Ervin v. American Guardian Life Assurance Co., 376 Pa.Super. 132, 545 A.2d 354, 357 (1988) (quotations and citations omitted); see also Hafner v. Beck, 185 Ariz. 389, 916 P.2d 1105, 1108 (App. 1995) (holding that the duty ran from the independent medical examiner to the insurance carrier who retained him, not to the individual); Keene v. Wiggins, 69 Cal.App.3d 308, 138 Cal.Rptr. 3, 7 (1977) (concluding that physician retained by employer to conduct an IME of an injured employee had a duty of care to prepare the report for the employer, not the employee); Martinez v.
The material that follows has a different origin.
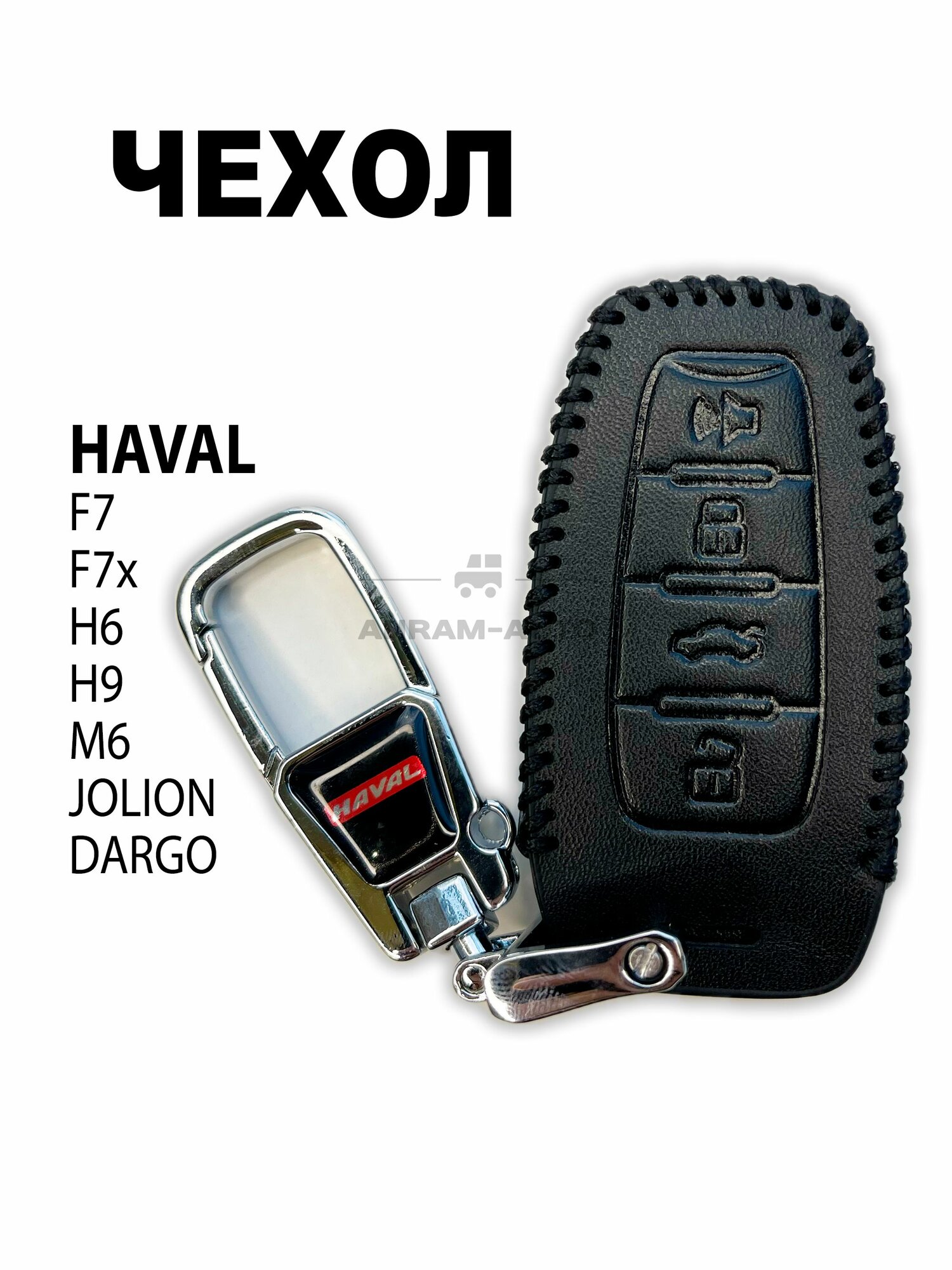 Кожаный чехол для ключа с логотипом HAVAL F7, F7x, H6, H9, М6, Jolion, Dargo брелок с карабином (черный) интересное:

Lewis, 969 P.2d 213, 218-19 (Colo. 1998) (holding that an independent examiner hired by insurer had no physician-patient relationship with and owed no duty to plaintiff-insured); Rogers v. Horvath, 65 Mich.App. 644, 237 N.W.2d 595, 597 (1975) (determining that physician retained by insurance carrier to conduct an IME had no physician-patient relationship with plaintiff who lost insurance benefits based on the results of the IME); Violandi v. City of New York, 184 A.D.2d 364, 365, 584 N.Y.S.2d 842 (N.Y.App.Div. 1992) (noting that a physician-patient relationship does not exist when the examination is performed on behalf of the employer); Tomko v. Marks, 412 Pa.Super. 54, 602 A.2d 890, 892 (1992) (holding that plaintiff did not have a valid medical malpractice claim when the IME was conducted solely at the request of the plaintiffs employer); Johnston v. Sibley, 558 S.W.2d 135, 137-38 (Tex.App. 1977) (determining that a physician's duty to use a professional standard of care in the examination and in preparing the report runs only to the party requesting the report). Joseph argues that these IME cases are not applicable because the examination in this case was not done pursuant to formal litigation and is therefore not actually an IME. This is an illusory distinction. See Violandi, 184 A.D.2d at 365, 584 N.Y.S.2d 842 (holding that the plaintiff did not have an actionable negligence claim against the physician, despite the fact that the IME was performed on behalf of the employer and not in response to any pending legal action). The City retained McCann to perform an IME on Joseph; therefore, McCann's duty ran to the City, not to Joseph.
CONCLUSION
¶ 16 Without the existence of a physician-patient relationship between McCann and Joseph, Joseph cannot maintain a medical malpractice claim against McCann. Because Joseph was not McCann's patient seeking psychiatric treatment and because the contract for medical services was between McCann and the City, not McCann and Joseph, we conclude that there was no physician-patient relationship between McCann and Joseph. Therefore, the trial court did not err when it held that McCann "owed no legal duty to [Joseph] from which a [medical malpractice] action could be commenced."
¶ 17 Accordingly, we affirm.
¶ 18 WE CONCUR: RUSSELL W. BENCH, Presiding Judge and JAMES Z. DAVIS, Judge.